When Volatility Attacked

When Volatility Attacked

December’s market volatility was what most investors would expect to see only in a stress test scenario. The VIX jumped from 16 to 36 and back down to 25 all in the span of one month. We talked to Dave O’Donohue, Senior Vice President and Co-Portfolio Manager, about how he and the Calamos Market Neutral Income Fund (CMNIX) and Calamos Hedged Equity Income Fund (CIHEX) team view volatility and how they reacted to the big swings in volatility during December.

Q. Dave, would you step us through what you saw in December?

A. It was a wild month, but we tend to get excited when we have increases in volatility because it can present opportunity for the funds.
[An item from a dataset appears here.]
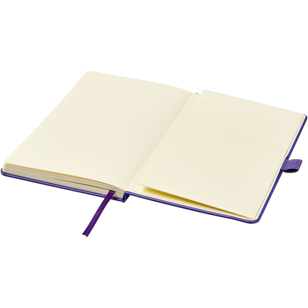 Műbőr A5-ös (14,2 cm x 21,4 cm) jegyzetfüzet gumiszalaggal, szalagjelölővel, tollhurokkal és harmonika hátsó zsebbel. 96 db vonalas krémszínű lapot tartalmaz (80 g/m2).

When there’s too much volatility, though, we need to shift our focus from the opportunity to the risk.

As part of our standard risk management practices, we continually stress-test our portfolios—we run “shocks” for different extreme scenarios. That’s what we had in December: a real-life example of a downside stress test.

In one month’s time the S&P 500 dropped 15%, the VIX more than doubled, and there was a 200-basis point widening of credit spreads from their October tights.

Those are the ingredients for a classic, but extreme, downside shock scenario. Any one of those components is a stressor that can expose weaknesses in a process and in a portfolio, and we saw all three at the same time.